The practical takeaway is straightforward. Investors now have a concrete reason to treat Sea as a real multi-segment growth platform again, not just a volatile internet stock. If Sea keeps pairing strong top-line growth with positive net income, the stock's rerating case gets much stronger.
Sea Limited (SE) is climbing because Q1 2026 delivered a clean, named catalyst: a large revenue beat, higher profit, and broad-based segment growth. Since this is an after-hours move, the next regular session will show how much of the gain sticks, but the earnings-driven case behind the rally is already solid.
SE stock is up because Sea Limited reported a strong Q1 2026 earnings beat, with revenue well above expectations and net income still positive. Investors also reacted to broad growth across Shopee, Monee, and Garena.

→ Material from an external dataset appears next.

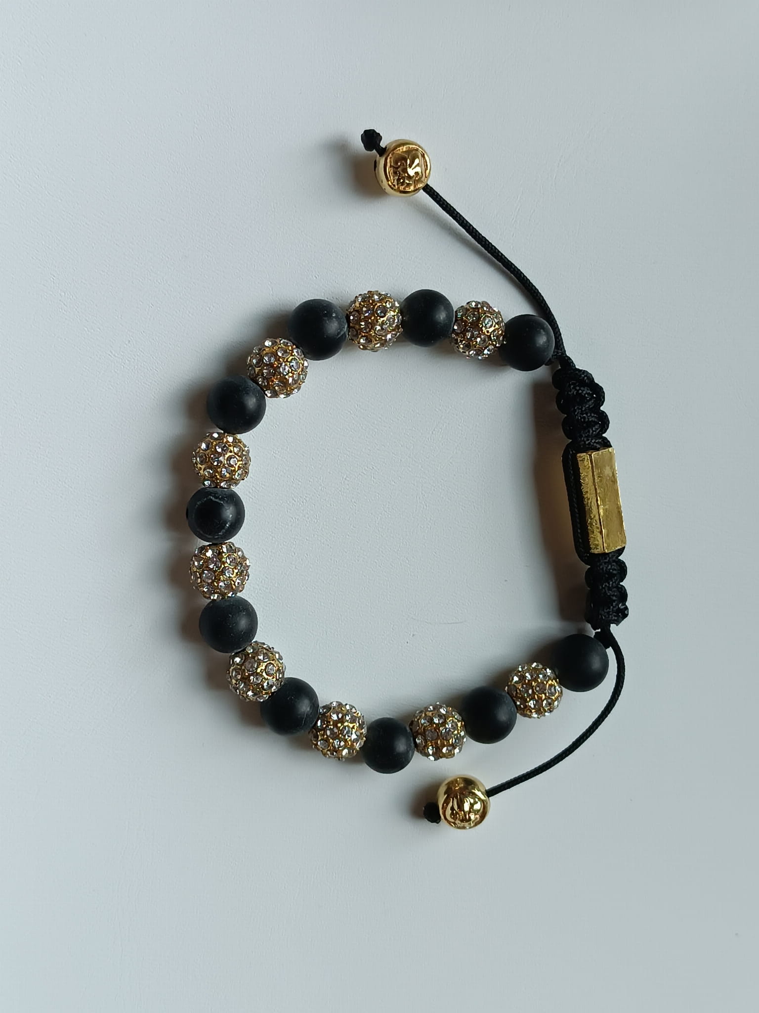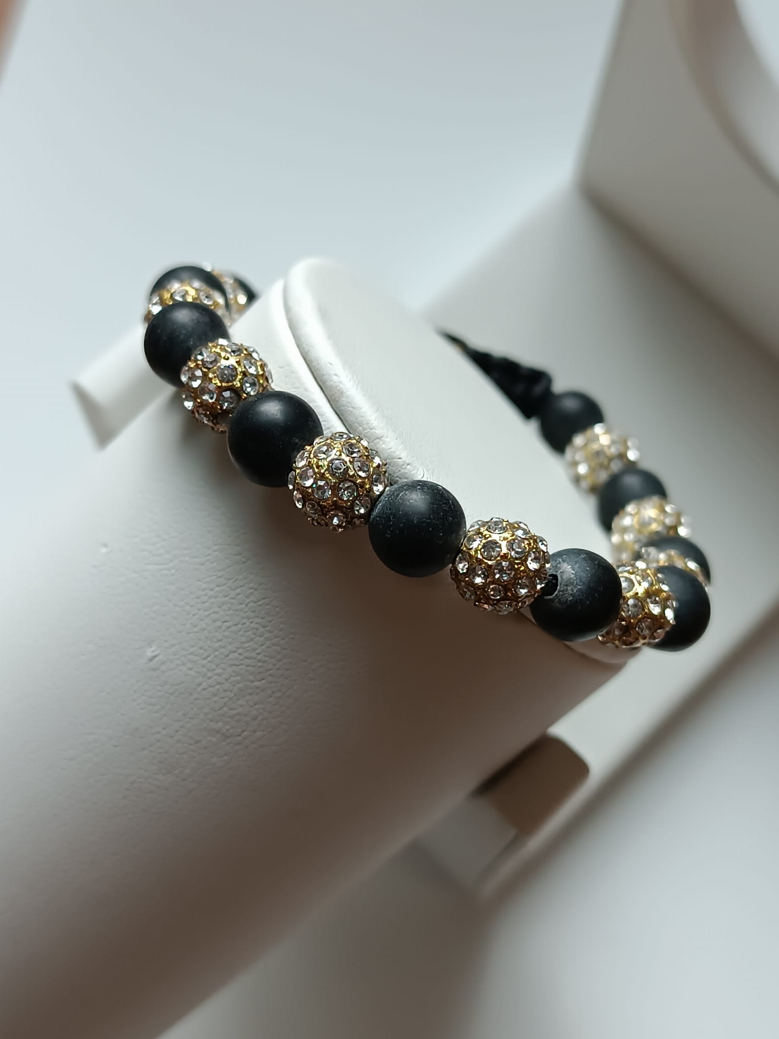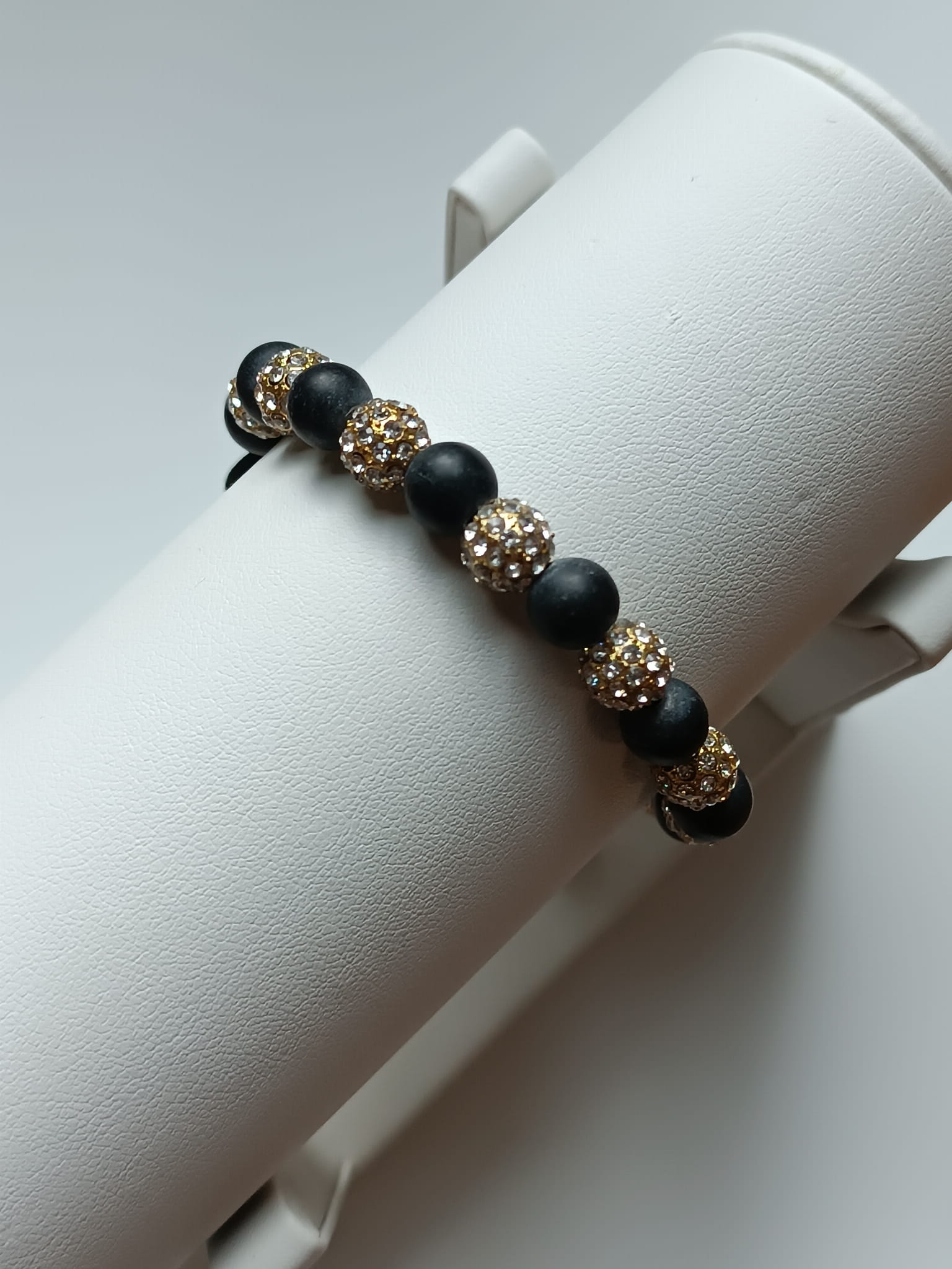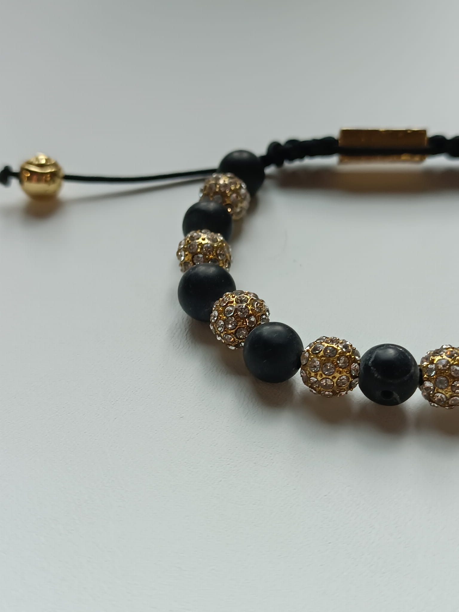 Bransoletka pleciona kulka czarny mat pozłocenie cyrkonia

+Should I buy SE stock now?
The earnings report is clearly bullish, but the stock already moved sharply higher and costs are still rising. Long-term investors may like the improving fundamentals, but new buyers should weigh valuation and volatility before acting.
+What did Sea Limited report in Q1 2026?
Sea reported $7.1 billion in revenue, up 46.6% year over year, and net income of $438.2 million. Adjusted EBITDA also increased to $1.0 billion, showing the company remained profitable while growing quickly.
+Is Sea Limited still profitable?
Yes. Sea remained profitable in Q1 2026, with net income of $438.2 million and adjusted EBITDA of $1.0 billion. That profitability is a major reason the market responded so positively to the report.